On 15 June, Kensington and Chelsea invoked the help of the other London boroughs in supporting the survivors. Responsibility was handed over to a Grenfell fire-response team led by a group of chief executives from councils across London. Resources available to them included central government, the British Red Cross, the Metropolitan Police, the London Fire Brigade and local government across London. Neighbouring councils sent in staff to improve the rehousing response.

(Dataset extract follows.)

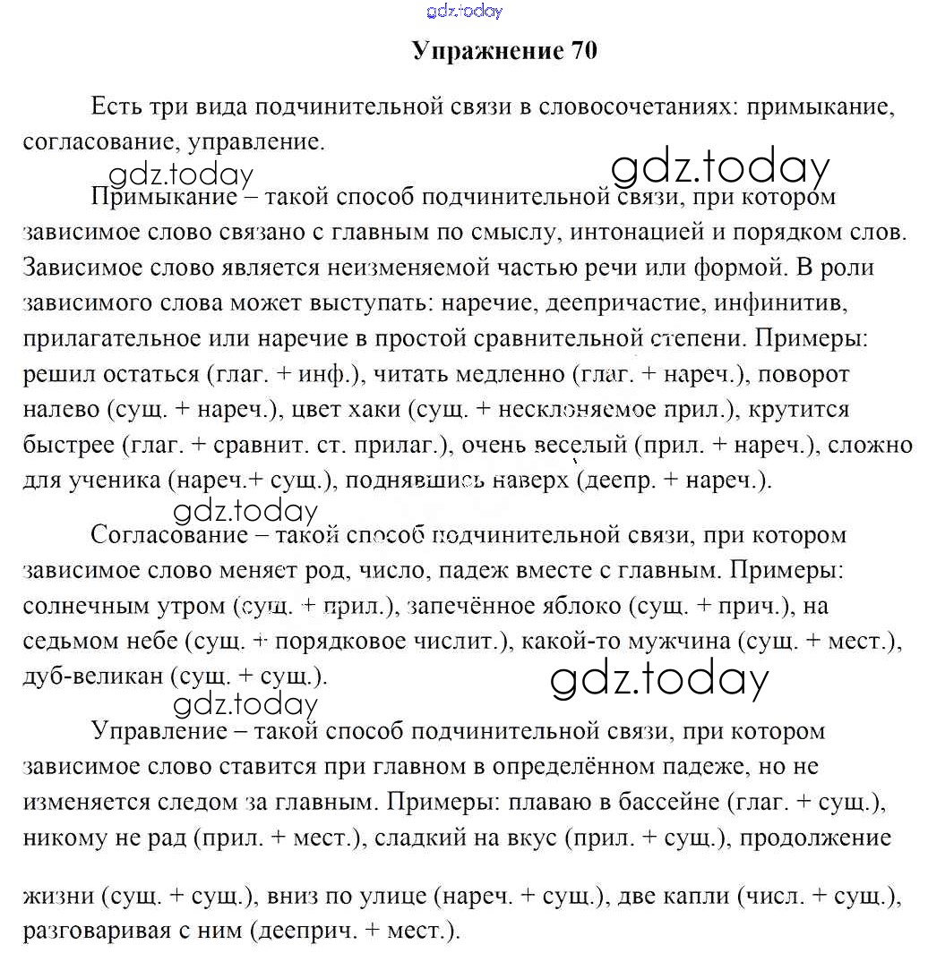 На страницах сайта gdz.today вы найдете учебный и вспомогательный материал, направленный на улучшения знаний школьной программы. ГДЗ - онлайн мир знаний Решение к заданиям 70 Учебнику по Русскому языку для 8 класса Мурина, Игнатович Национальный институт образования 2018

On 21 June, the council chief executive Nicholas Holgate resigned amid criticism over the borough's response to the fire. The Prime Minister Theresa May commented that the council "couldn't cope" in the response to the fire, and that it "was right" that the chief executive had resigned. The Conservative leader of the council, Nicholas Paget-Brown, initially resisted calls to resign, but announced on 30 June that he would step down. He was replaced as leader by Conservative councillor Elizabeth Campbell on 19 July 2017. Lewisham Council's chief executive, Barry Quirk, was seconded to take over from Nicholas Holgate in June and took up the chief executive role on a permanent basis in September 2017.